FIG. 7 is an isometric view of a notebook PC keyboard 300 with a changeable outlet joint according to an embodiment of the present invention. The schematic partial enlarged view of a thin film switch (not shown) at the bottom of the keyboard and the reference numbers can refer to FIG. 3A of an embodiment of the present invention. The keyboard 300 with a changeable outlet joint comprises a plurality of keys 302, a thin film switch 110, and a soft flat cable 120a. The composition of the thin film switch 110 and the soft flat cable 120a are the same as those in the preceding embodiment and the details will not be described herein again. The thin film switch 110 of FIG. 3A is mounted below the keys of FIG. 7, and each of the keys 302 must be aligned with the corresponding touch units 130 of FIG. 3A. Meanwhile, the end 124a of the soft flat cable 120a of FIG. 3A must be connected to a motherboard slot (not shown) of a notebook PC in FIG. 7. By pressing each of the keys 302, the corresponding touch unit 130 in FIG. 3A can generate and transmit a signal to the motherboard through the soft flat cable 120a, thereby achieving the desired data input function.
In view of the above, in the present invention, since the thin film switch and the soft flat cable are designed to be manufactured separately, it is unnecessary to manufacture the thin film switches with the same function and size through different production lines simply because of the outlet joints with different length or positions. Meanwhile, the thin film switches with the same function and size, which are originally designed to be manufactured separately due to the outlet joints with different positions, may be modified to have the same specification. Therefore, the present invention not only improves the flexibility of the production line and production scheduling, but also improves the substitution of the thin film switch. Meanwhile, the inevitable blank between the thin film switch and the soft flat cable in the conventional design can be eliminated because the thin film switch and the soft flat cable are manufactured separately, thereby reducing the waste of thin film material. Moreover, the complexity of the inventory control of the thin film switch suppliers caused by the diversification of products can also be effectively reduced.

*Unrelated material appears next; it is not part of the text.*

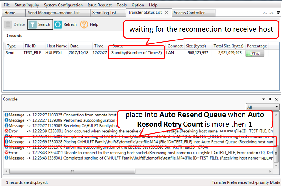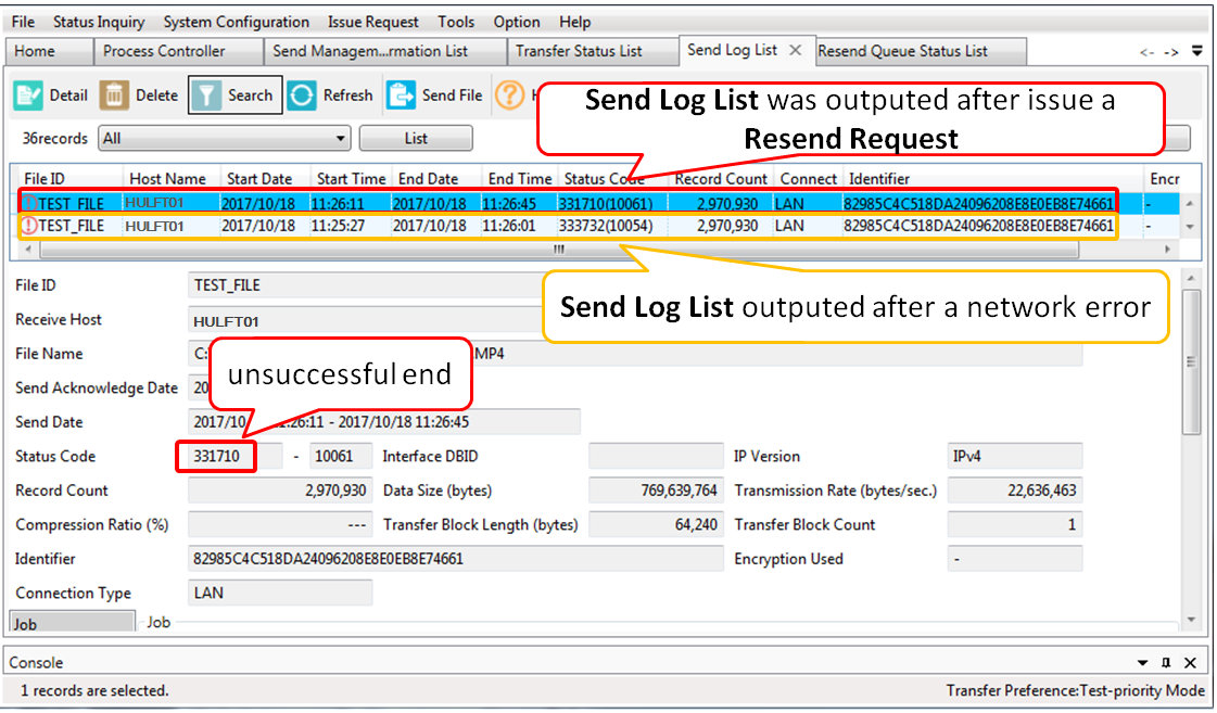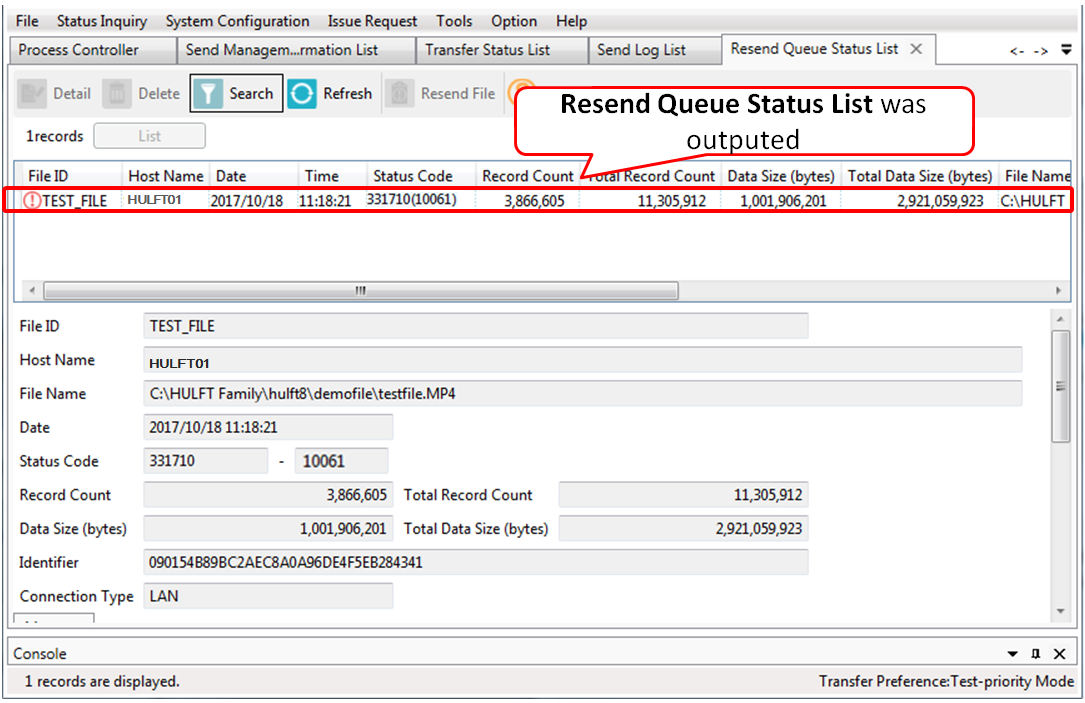 The send process ends abnormally, and information about the resend (Resend Queue Status List) was outputed.
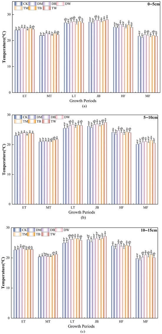 Soil temperature at different depths under various treatments. (a) Soil temperature at the 0–5 cm soil layer under different treatments; (b) Soil temperature at the 5–10 cm soil layer under different treatments; (c) Soil temperature at the 10–15 cm soil layer under different treatments. Different lowercase letters indicate significant differences between treatments at p < 0.05. Error bars indicate SE. ET, early tillering stage; MT, mid-tillering stage; LT, late tillering stage; JB, jointing–booting stage; HF, heading–flowering stage; MF, milk grain-filling stage.; CK, traditional irrigation and no mulching; DM, ridge irrigation and no mulching; DB, ridge irrigation and black biodegradable film mulching; DW, ridge irrigation and white biodegradable film mulching; TM, controlled irrigation and no mulching; TB, controlled irrigation and black biodegradable film mulching; TW, controlled irrigation and white biodegradable film mulching.

It will be apparent to those skilled in the art that various modifications and variations can be made to the structure of the present invention without departing from the scope or spirit of the invention. In view of the foregoing, it is intended that the present invention cover modifications and variations of this invention provided they fall within the scope of the following claims and their equivalents.